Group Editor Andrew Palmer was taken by surprise when he visited the German city of Nuremberg, with its cornucopia of fine dining restaurants, musuems and its history.
Nuremberg
Photo: Andrew Palmer
As dusk approached, I climbed the hill to the Imperial Castle for one last time, one last memory, to catch a glimpse of the setting sun glistening over the distinctive red roofs that adorn the skyline of Nuremberg. It was then that it struck me: I had made a miscalculation; two days wasn’t enough time to spend in this enjoyable and delightful city.
Nuremberg is a friendly and safe city, and as I descended, I joined a gathered throng enjoying the summer sun at a recommended bar.
From my arrival at the airport and border control (the Germans are the most bureaucratic when it comes to entering their country), to the marvellous welcome at the Hotel Saxx Nürmberg, part of the Sorat group, and chatting with people around the city, I too found it to be a sociable and affable place.
The view from the Imperial Castle, built by Conrad III and Frederick I, is delightful, and twilight gives it a romantic hue.
Of course, when one mentions Nuremberg, the trials that took place between 1945 and 1949 come to mind.
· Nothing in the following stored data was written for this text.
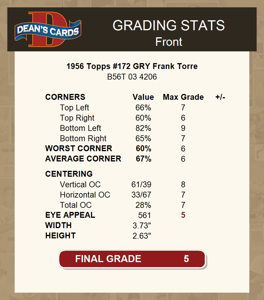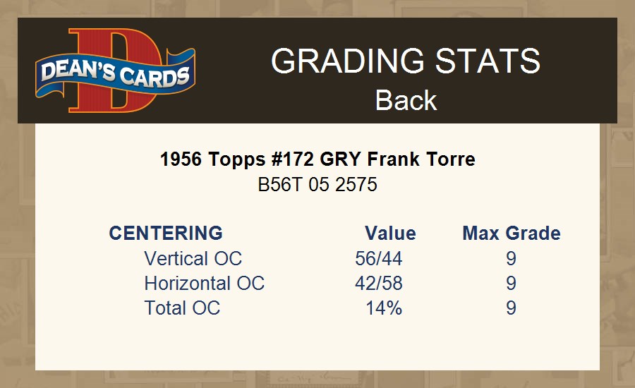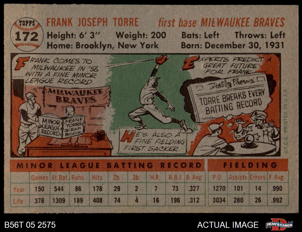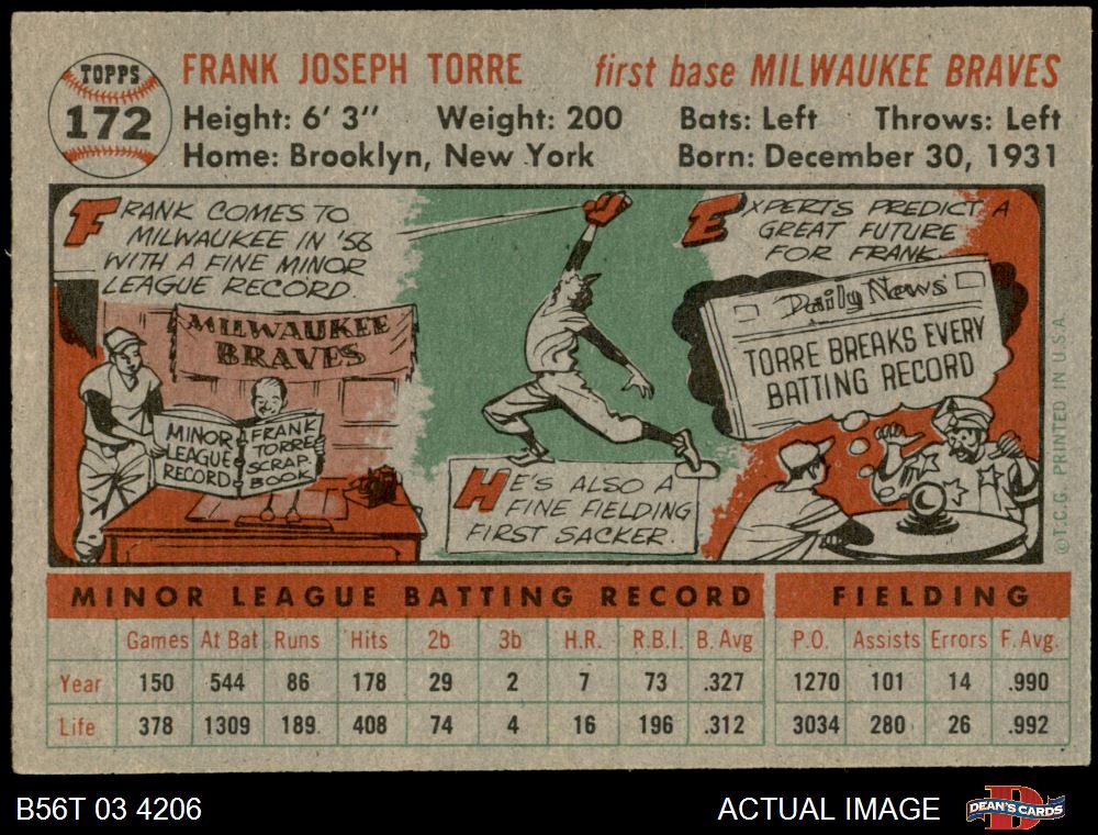 1956 Topps #172 GRY Frank Torre 5 - EX
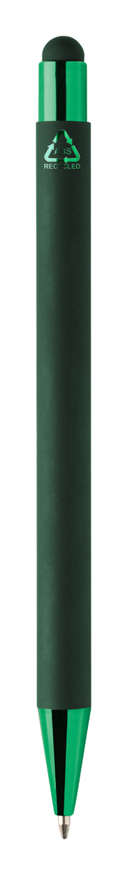 Kugelschreiber mit Touchpen aus recyceltem Aluminium mit Softouch Oberflächeund farbigen, metallisch glänzenden Teilen, mit Spezialbeschichtung für Spiegelavuren passend zu den Metallteilen, blauschreibend.
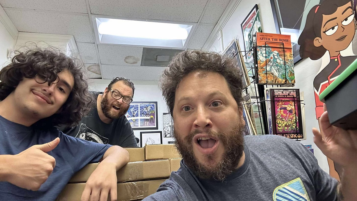 After Victory Folks, I got the idea to reprint my vast inventory of 1980s material, beginning with Megaton Man, in approximately 120-page paperbacks comprised of a few issues at a time. I didn’t get very far along with scanning the more than five hundred original art pages and a score or two of sharp photocopies and films in the summer of 2023 before Gary Groth, once again, stepped in and offered to publish The Complete Megaton Man Universe, Volume I: The 1980s (Fantagraphics Underground, 2025).
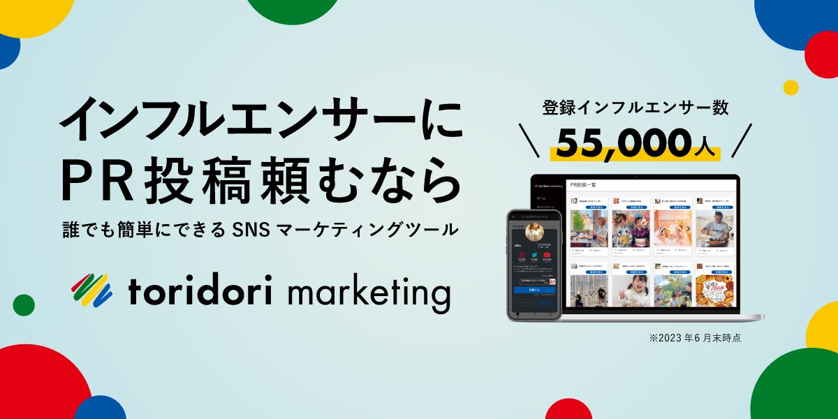 『toridori marketing(トリドリマーケティング)』はインフルエンサーマーケティングを、どのような業種・規模の企業様でも手軽に始めることができるサービスです。

Armed with the Nürmberg Card, which gives free admission to the most popular museums and sights as well as free public transportation, I set off walking along the Pegnitz River, enjoying a glorious sunny day with cyclists and runners greeting me as I watched the flies dart in and out of the water. It was a pleasant stroll to the Memorium Nürmberg Prozesse, ‘Nuremberg Memorial Trials', a plain-looking building where the trial of major war criminals began in Court Room 600 in the Nuremberg Palace of Justice on November 20, 1945.
Room 600
Photo: Andrew Palmer
Room 600 is stark, and one feels the seriousness ingrained within the chamber. Despite many tourists in the room, there was a strange hush that signified the impact of Germany’s past. I sat down and took in the surroundings, and it was then that the harsh realities sank in, prompting me to question if we had truly learnt anything from Hitler’s and the Nazis' war crimes. The exhibition on the top floor was one of the most comprehensive I have seen in recent years, providing background information about the Nuremberg Trials with a plethora of historical audio (all languages catered for) and video recordings that do convey a vivid impression. The International Military Tribunal's Nuremberg Principles require some time to fully comprehend, and the exhibition served as a sobering reminder that these heinous crimes continue to occur in the present day. The Memorium is closed on Tuesdays.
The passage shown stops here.